D: The Aliens really are good and beautiful. But they have no concept of ethics, no moral code, and positively deny the existence of God, leaving everything theologically confused.

But this is a kids' book: and within a few pages of their encounter, the Alien confirms that all Whiskers speculations are true. Life really exists on millions of planets. There really is a quality called “development” and older worlds have more of it and younger worlds don’t have so much. And development really does have an end-point and a destination. 

“At the apex of all this, somewhere, is what we can call the Supreme Intelligence, directing and guiding your World, my World, and countless others too.”

“That—that’s God!” gasped Colin.

“Then there is a Deity?” Chris burst out.

But the Supreme Intelligence is not a Creator or a Designer, although it is indirectly influencing and guiding evolution. The Ultimate Question which he can answer is not "how?" but "why?"

“All are evolving towards the Ultimate: towards the Supreme Intelligence. Otherwise, why should Life evolve at all?”


Why should life evolve at all?

Back on their human's spaceship, Walters introduces us to what might be called Chris’s Wager: "God exists because I would like God to exist." Or, less cynically “It is desirable that there should be a God; therefore I might as will proceed as if there is one.” (Socrates, in fairness, said very much the same thing.) 

“The scheme of things as outlined by the Alien was so attractive and exciting, made life so worthwhile and logical, that if it wasn’t true Chris didn’t want to know. If life was just a chance development amid universal chaos, it seemed a waste. If it had no purpose or objective then all the highest incentives to progress were just self-deception. How flat everything would now seem if all that [the Alien] had said were untrue.“

But wasn’t Chris already a pious church-goer before he encountered the Alien? What new element does rebranding God as the Supreme Intelligence add to his life?

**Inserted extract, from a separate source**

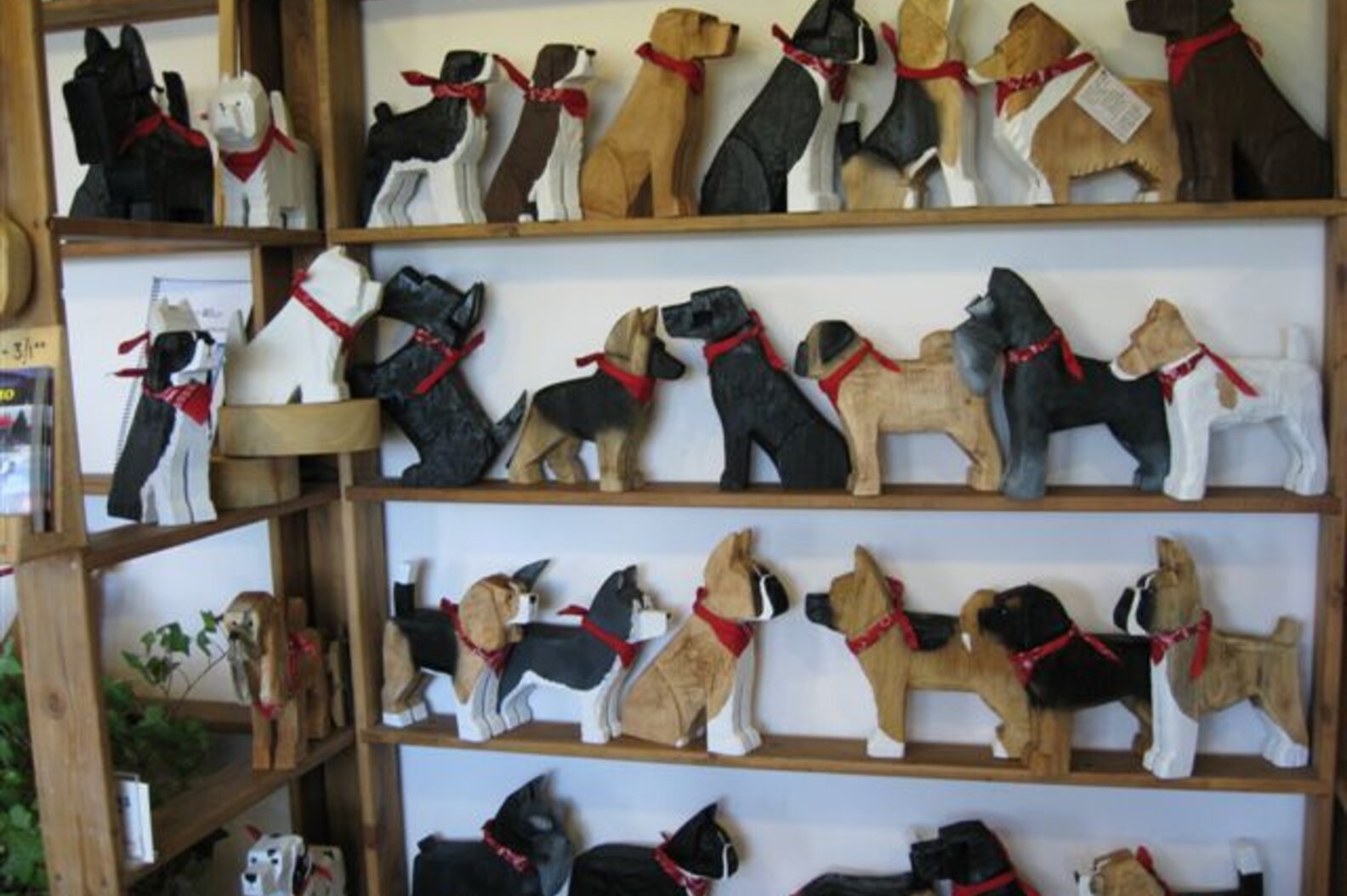 Dennis and Frances, the husband and wife team working at Dog Bark Park since 1997, are also chainsaw artists who carve dogs of every breed. Their work, found all over the house, is also available for purchase in the gift shop, as well as here. If you might be interested in spending some time at the two-bedroom Beagle House (if only to say you did) time is running out! The 2023 season ends on August 7, 2023.

The Alien has one more tbombshell to drop. This is not the first time his race has visited our solar system:

“We have sent our emissaries to live among you. They have been as you are and have lived as you do. Of course your people did not realise that we were from another world. Usually they thought we were the prophets and teachers of your own world.”

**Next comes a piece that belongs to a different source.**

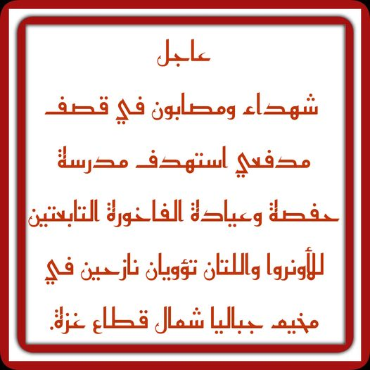 Shortly before 3:41 PM on Sunday, October 20, 2024, at least two people were killed and four people injured as a result of an alleged Israeli artillery strike on the Hafsa School, affiliated with UNRWA. The school was serving as a shelter for displaced people and is located near Abu Rashid Pool in Jabalia Refugee Camp, north of the Gaza Strip.

Tony immediately connects this with UFO reports, and theorises that “the ancients” might have mistaken aliens for divine beings. He goes so far as to say that there are passages in the Bible which might refer to spaceships.

When asked to explain human religious beliefs to the Alien, Chris admits that among “civilised” people, theism is in decline. He does not say that the better we have understood the Universe, the less we have relied on God for explanations. He doesn’t say that we stopped believing in Adam and Eve once we understood natural selection; or that once we knew about microbes and viruses, we stopped attributing sickness to the devil. He looks at it in terms of a cosmic hierarchy of Greatness. In the nineteenth and early twentieth centuries, humans rejected God because they believed that humans now knew everything and would soon be all-powerful. We're invited to look at Victorian scepticism about God in the same light as the Man in the Street's scepticism about extraterrestrial life: a hubristic belief that Man Is Tops.

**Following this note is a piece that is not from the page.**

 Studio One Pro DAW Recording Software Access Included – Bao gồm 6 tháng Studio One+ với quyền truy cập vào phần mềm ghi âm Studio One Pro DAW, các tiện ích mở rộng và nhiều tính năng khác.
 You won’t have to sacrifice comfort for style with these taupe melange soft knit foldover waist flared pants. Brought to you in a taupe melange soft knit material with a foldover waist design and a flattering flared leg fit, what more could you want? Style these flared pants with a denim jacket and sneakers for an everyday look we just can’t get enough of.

“As we thought we were wresting Nature’s secrets away from her, so belief in God began to crumble. Given time, man could know everything and would be all-powerful.”

But it is again the Brainy Chaps who have seen the fallacy of this:

“For every new discovery that was made, complete understanding seemed to have become further away. Gradually, I think we are losing the arrogance that made us see Man as the be-all and end-all of creation.”

Atheism is the arrogant believe that the human mind is supreme; theism, the humble acknowledgement that it is not. Chris's story is a variation of the one in the Bible. Pride is the root of every sin. Man tastes the fruit of the tree of knowledge and believes that he can become as gods, knowing good from evil.